Move over apples! There’s a new fruit in town, and it’s taking the fall baking scene by storm. This Pear Bundt Cake with Vanilla Brown Butter Glaze was declared the best cake I’ve ever made!
A long, long time ago, when a whopping eight people read my blog, I made a Vanilla Peach Bundt Cake. It was a huge hit, and it remains a summer favorite to this day. Unfortunately, peach season in Ohio lasts approximately 2.5 days so I don’t get to enjoy the cake nearly as much as I’d like.

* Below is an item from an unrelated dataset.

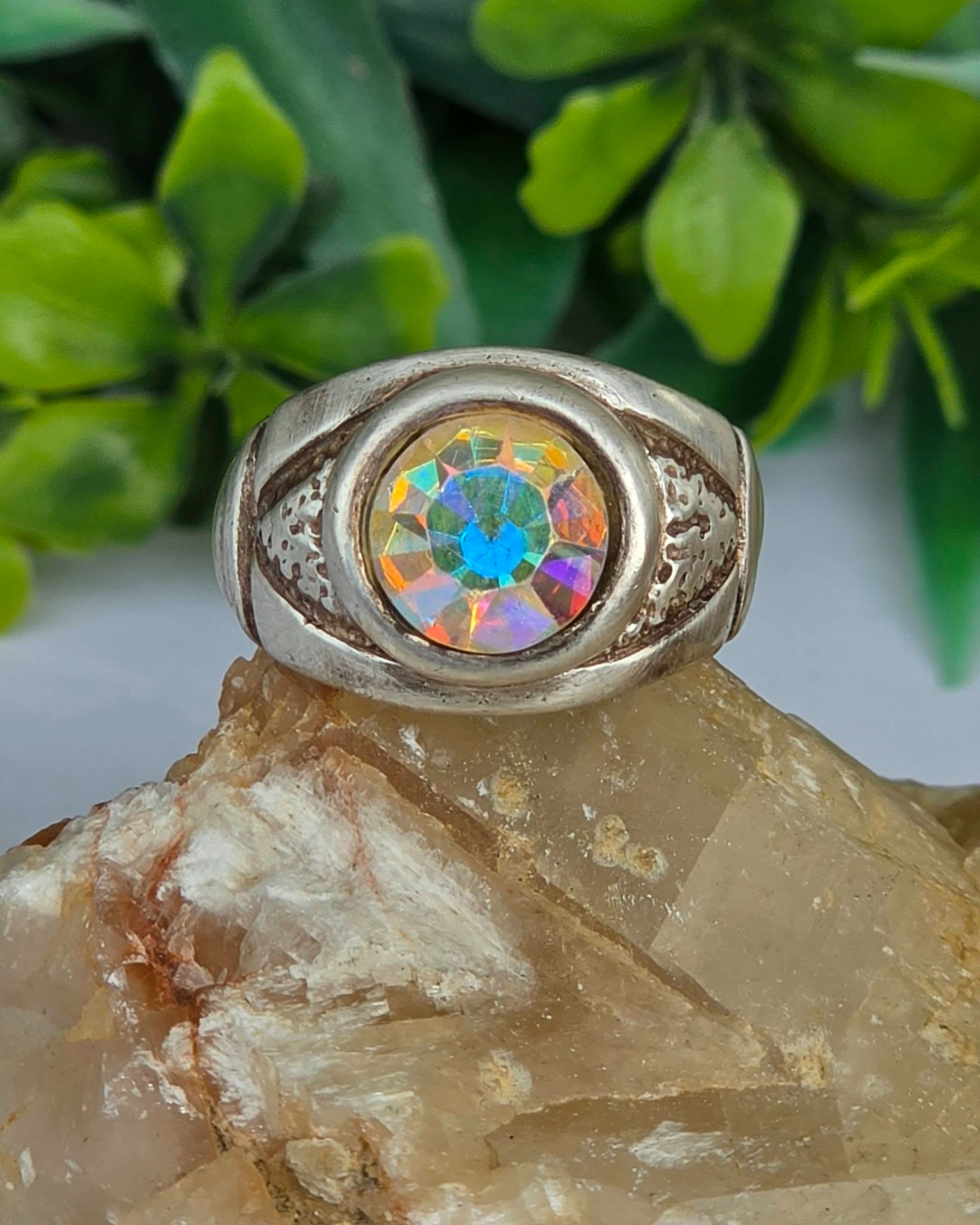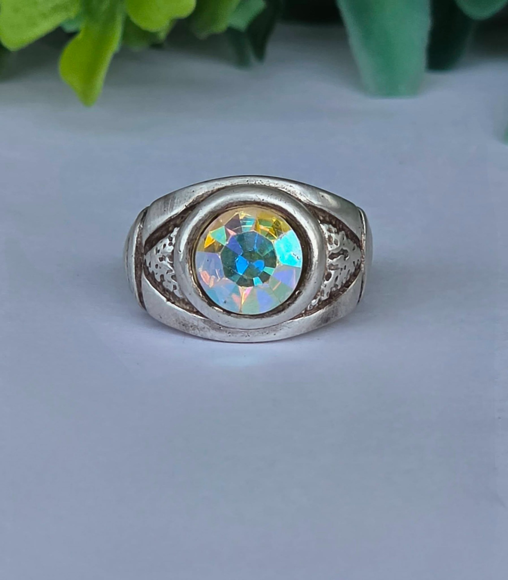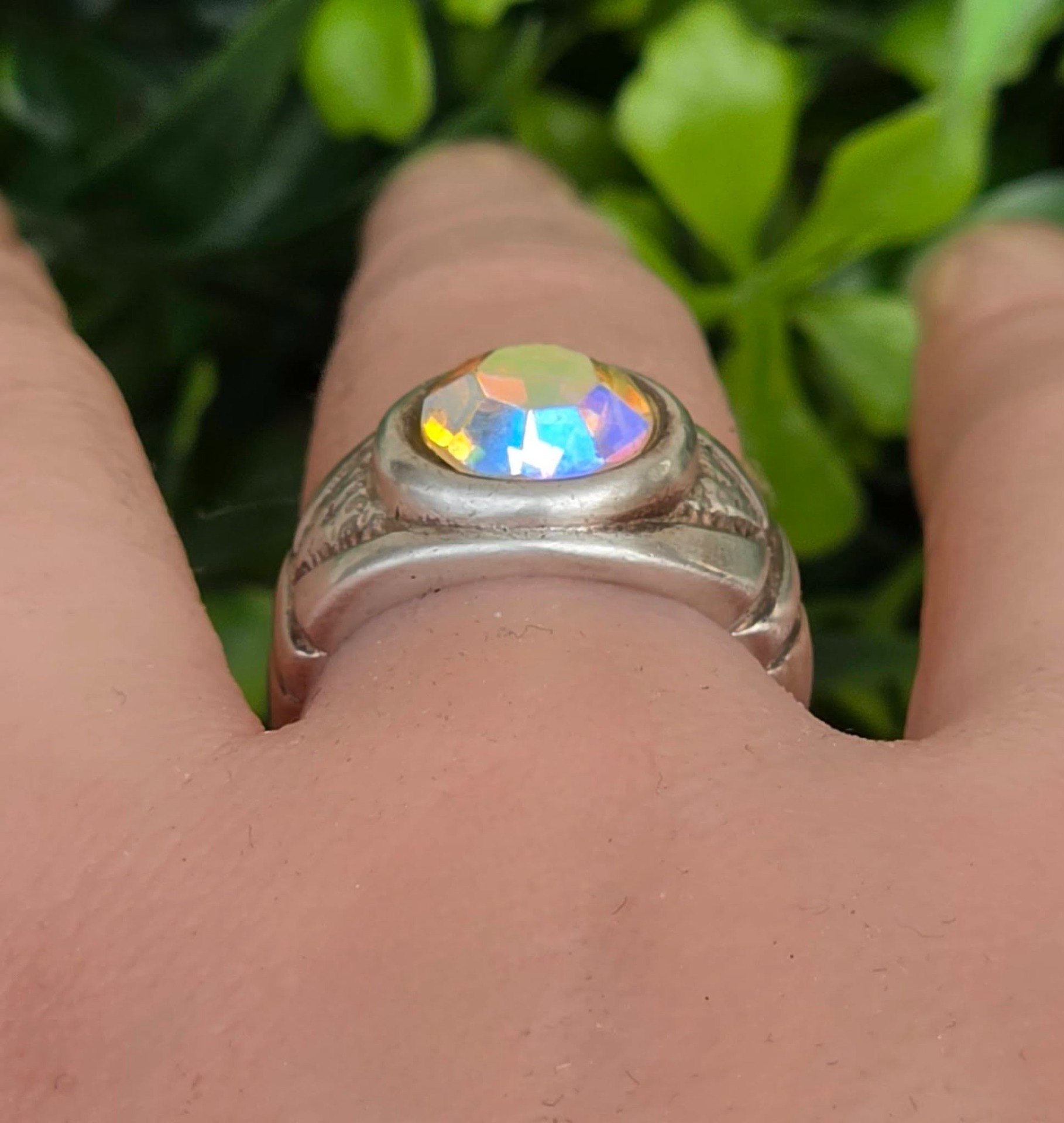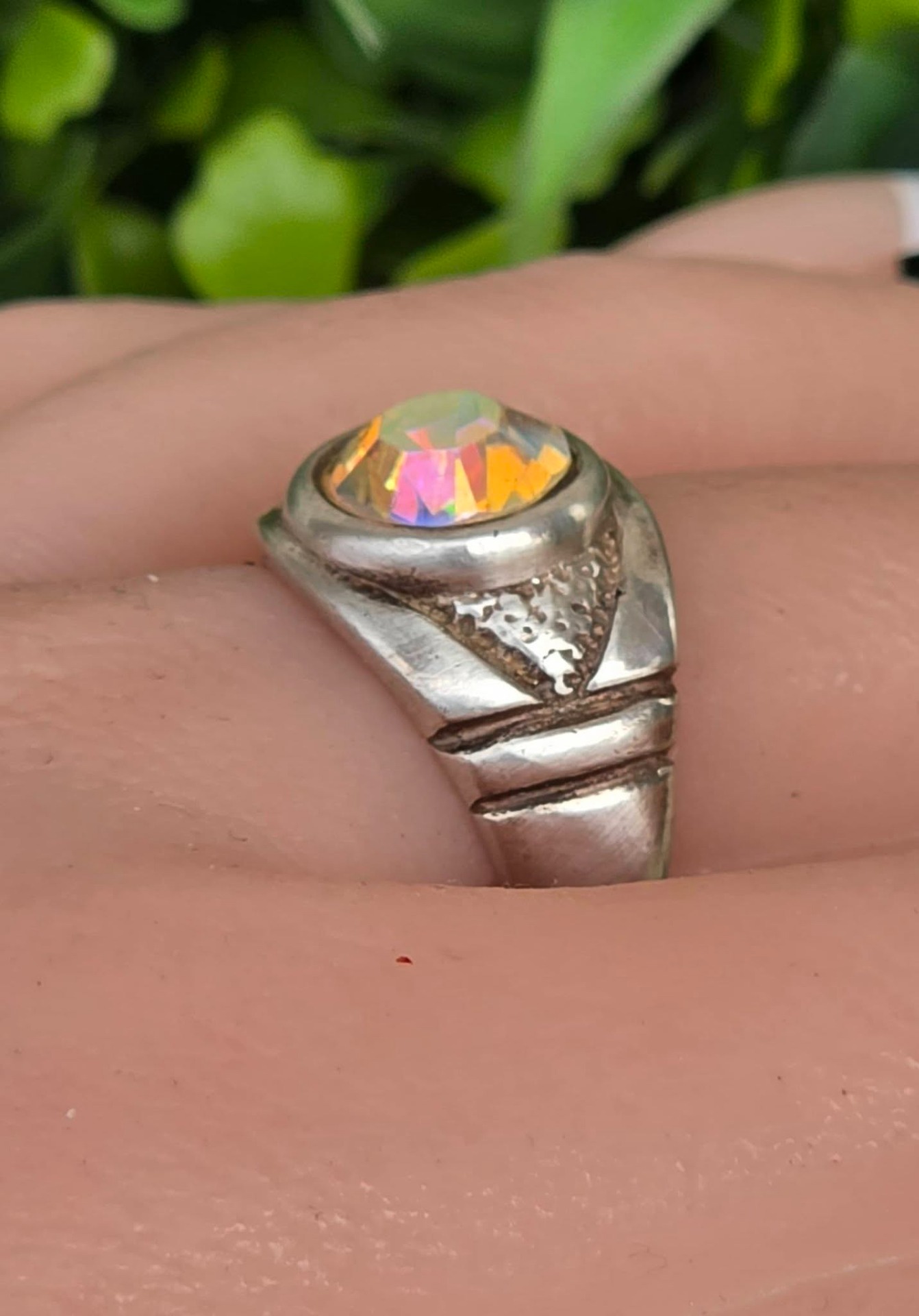 Inel vechi din argint, cu cristal Aurora Borealis.

I recently had a craving for my favorite peach bundt, but since peaches don’t exactly scream “October!,” I decided to create something with a more fall-appropriate flavor profile. The obvious choice was apples or pumpkin, but this time I found myself gravitating towards the lesser known of the fall fruit trifecta- pears.
Pears are the Cinderellas of fall fruit. The humble pear sits quietly in the background while apples and pumpkins fight over who gets the most Instagram hashtags named after them. Then one day the pear gets all dressed up with some brown butter, cinnamon, and vanilla bean syrup, waltzes out of the oven, and steals the show.

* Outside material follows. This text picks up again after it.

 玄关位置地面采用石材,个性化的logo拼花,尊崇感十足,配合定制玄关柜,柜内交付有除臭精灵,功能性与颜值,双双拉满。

This Pear Bundt Cake with Vanilla Brown Butter Glaze is making all the apples and pumpkins jealous this year. It is an absolute stunner. This golden, buttery cake is spiced with warm cinnamon, nutmeg, and ginger and studded with fresh pear. But the real magic comes from one very special ingredient: Amoretti’s Madagascar Bourbon Vanilla Bean Syrup.
You may have seen this syrup gracing the counters of your favorite coffee shop, but it’s also a great ingredient to have around for home baking. This syrup is the real deal. All it takes is one look at the bottle to see it is loaded, and I do mean l-o-a-d-e-d with real flecks of vanilla bean. Just a pump or two is all it takes to add serious vanilla flavor to your coffee, baked goods, or even oatmeal. It’s the special something that lends this cake it’s rich, warm vanilla flavor.
The syrup is so good I couldn’t resist adding a couple pumps to the glaze as well. Guys, I can hardly talk about this glaze without getting a little teary. This is the first time I’ve used brown butter in a recipe, and now I feel like I owe you all an apology for holding out for so long. The toastiness, the richness, the nuttiness! Between the brown butter and the vanilla bean syrup, this glaze is outta control. The Mr. and I abandoned all sense of propriety and scraped it off the bottom of the pan with our fingers.
I know apples and pumpkin are vying for your attention this season, but if there’s one thing I really, really hope you’ll take the time to make, it’s this cake. The Mr. declared it the best cake I’ve ever made (and I’ve made a lot of cakes)! So save room on your Thanksgiving table for this one. You won’t be bringing home leftovers, I can almost bet on it!